# HOW TO COMPLETE THIS TASK
Repeat the listing word for word. Leave every picture out.

++++

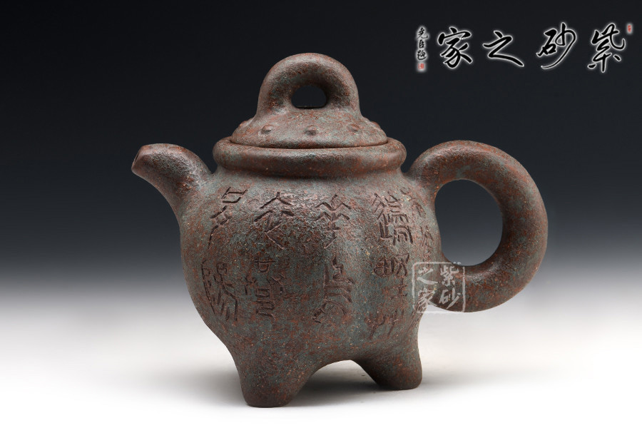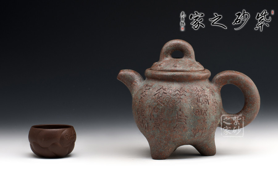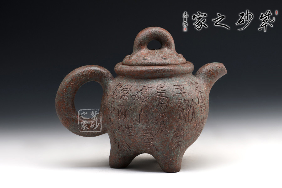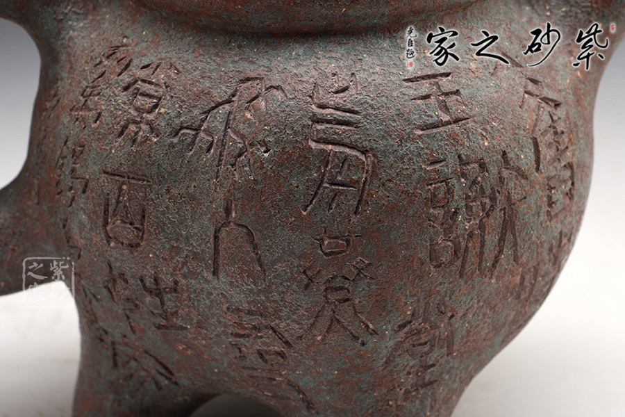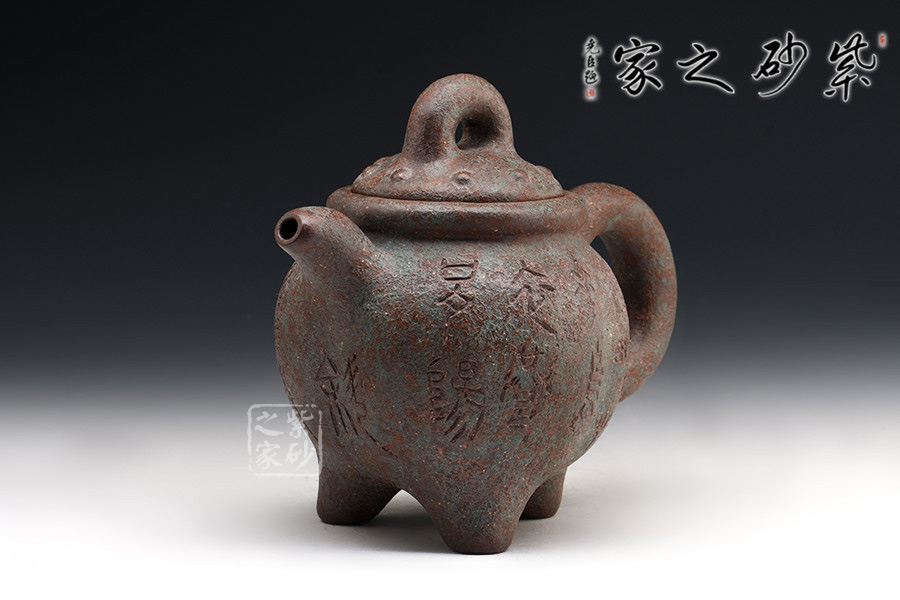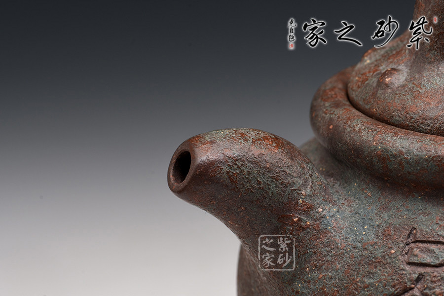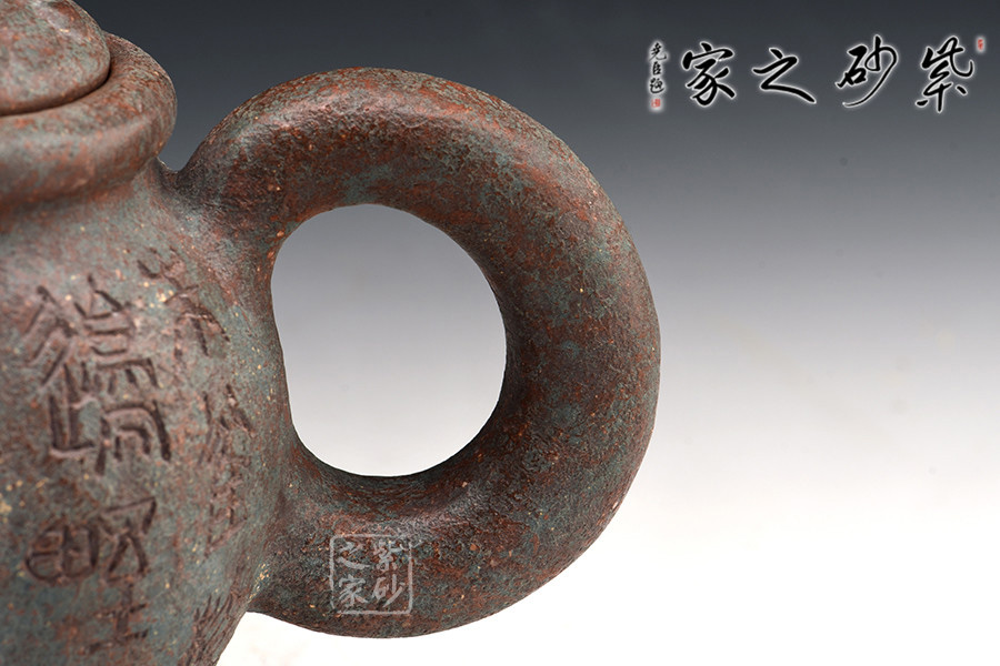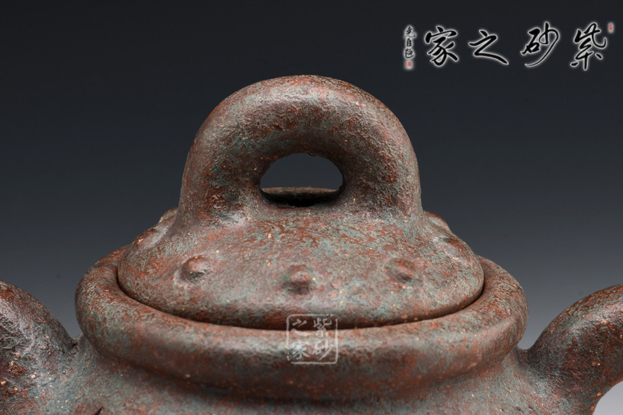 此壺作古代青銅鼎的風(fēng)格設(shè)計,不管是造型的古典還是泥料的運用,都使此壺呈現(xiàn)出一種歷經(jīng)時代滄桑洗禮的風(fēng)貌,器身顯銹色青翠色,可謂端正古樸,氣韻穩(wěn)重,殊為難得。
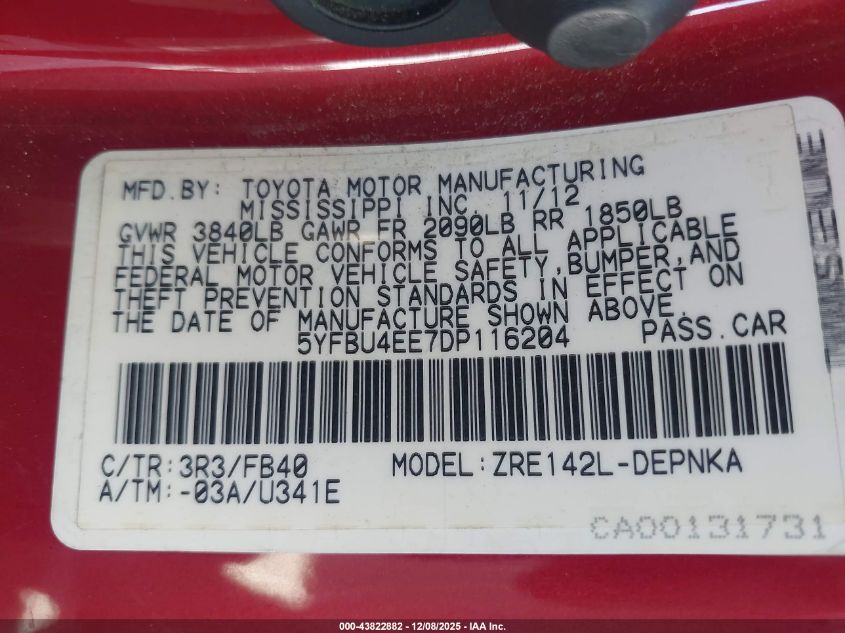 2013 TOYOTA COROLLA BASE
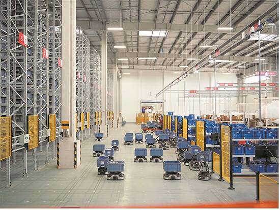 惠州的京东物流智狼仓是今年10月投入使用的,其总体面积近2万平方米。在这个智能仓储一期仓库内,记者看到几十个智狼搬运机器人正在检送口依次排队。接到订单指令后,搬送机器人就立即响应,沿着预设路径精准穿梭,将存放商品的料箱从立体货架中取出,通过智狼飞梯机器人实现立体转运。
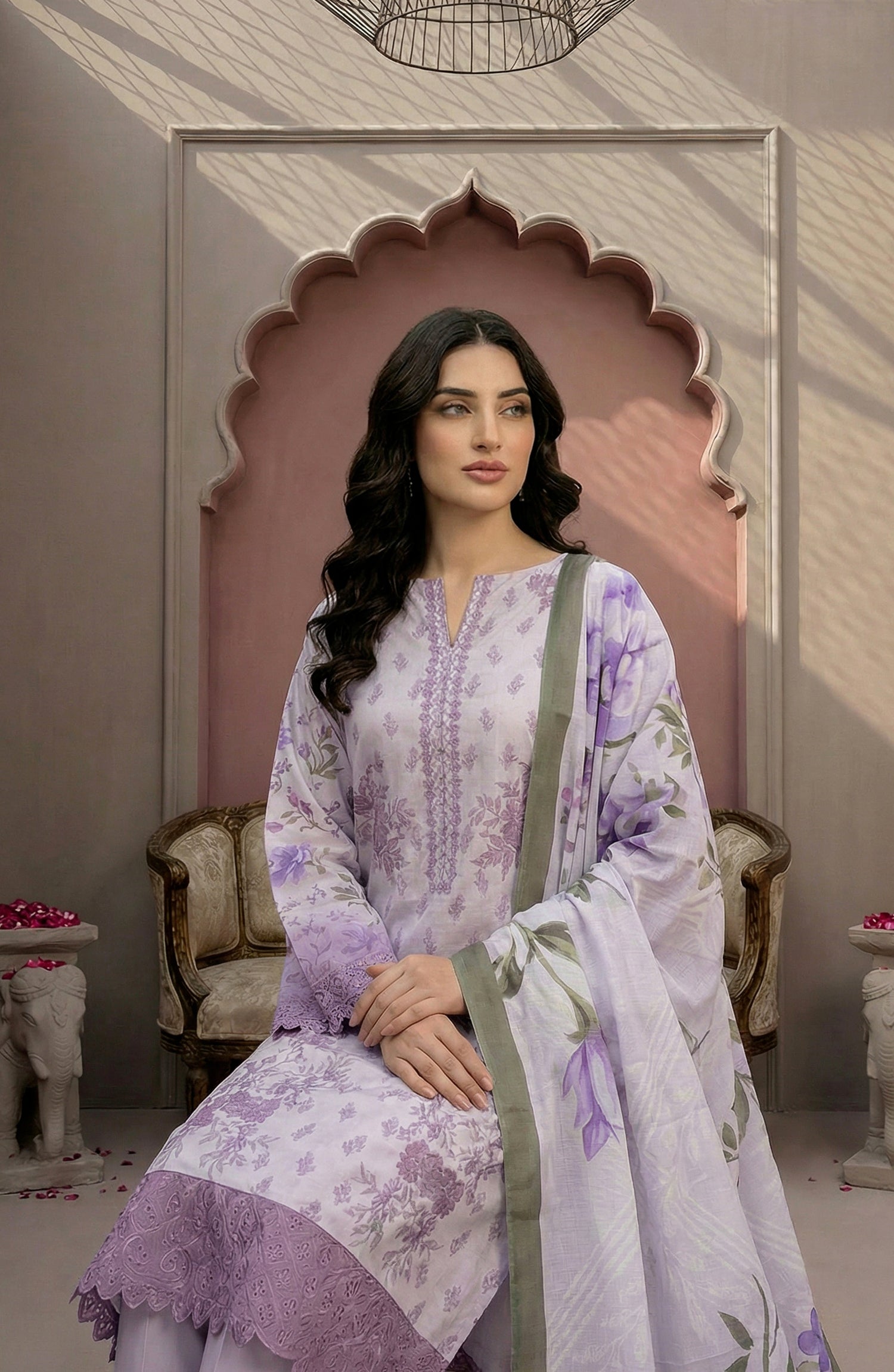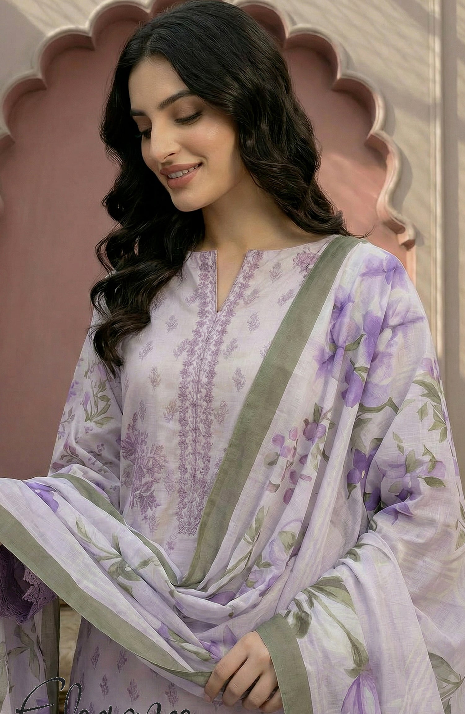 Digital Print Embroidered Shirt with Digital Print Embroidered Dupatta
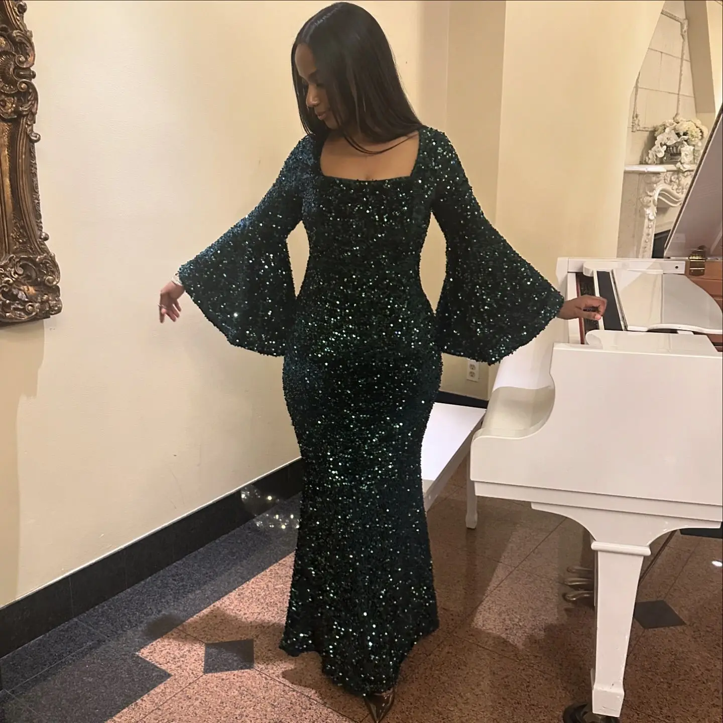 Sequins Square Collar Mermaid Cocktail Dresses Flare Sleeve Zipper Bodycon Sexy Evening Gowns Elegant Special Occasion Dress
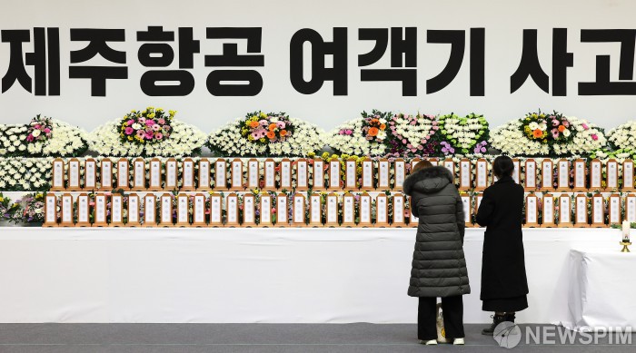 [무안=뉴스핌] 최지환 기자 = 30일 오전 전남 무안군 무안종합스포츠파크에 마련된 제주항공 여객기 사고 희생자 합동분향소에서 조문객들이 조문을 하고 있다. 2024.12.30 choipix16@newspim.com

++++

# ANSWER TO THE PROBLEM
 此壺作古代青銅鼎的風(fēng)格設(shè)計,不管是造型的古典還是泥料的運用,都使此壺呈現(xiàn)出一種歷經(jīng)時代滄桑洗禮的風(fēng)貌,器身顯銹色青翠色,可謂端正古樸,氣韻穩(wěn)重,殊為難得。
 2013 TOYOTA COROLLA BASE
 惠州的京东物流智狼仓是今年10月投入使用的,其总体面积近2万平方米。在这个智能仓储一期仓库内,记者看到几十个智狼搬运机器人正在检送口依次排队。接到订单指令后,搬送机器人就立即响应,沿着预设路径精准穿梭,将存放商品的料箱从立体货架中取出,通过智狼飞梯机器人实现立体转运。
 Digital Print Embroidered Shirt with Digital Print Embroidered Dupatta
 Sequins Square Collar Mermaid Cocktail Dresses Flare Sleeve Zipper Bodycon Sexy Evening Gowns Elegant Special Occasion Dress
 [무안=뉴스핌] 최지환 기자 = 30일 오전 전남 무안군 무안종합스포츠파크에 마련된 제주항공 여객기 사고 희생자 합동분향소에서 조문객들이 조문을 하고 있다. 2024.12.30 choipix16@newspim.com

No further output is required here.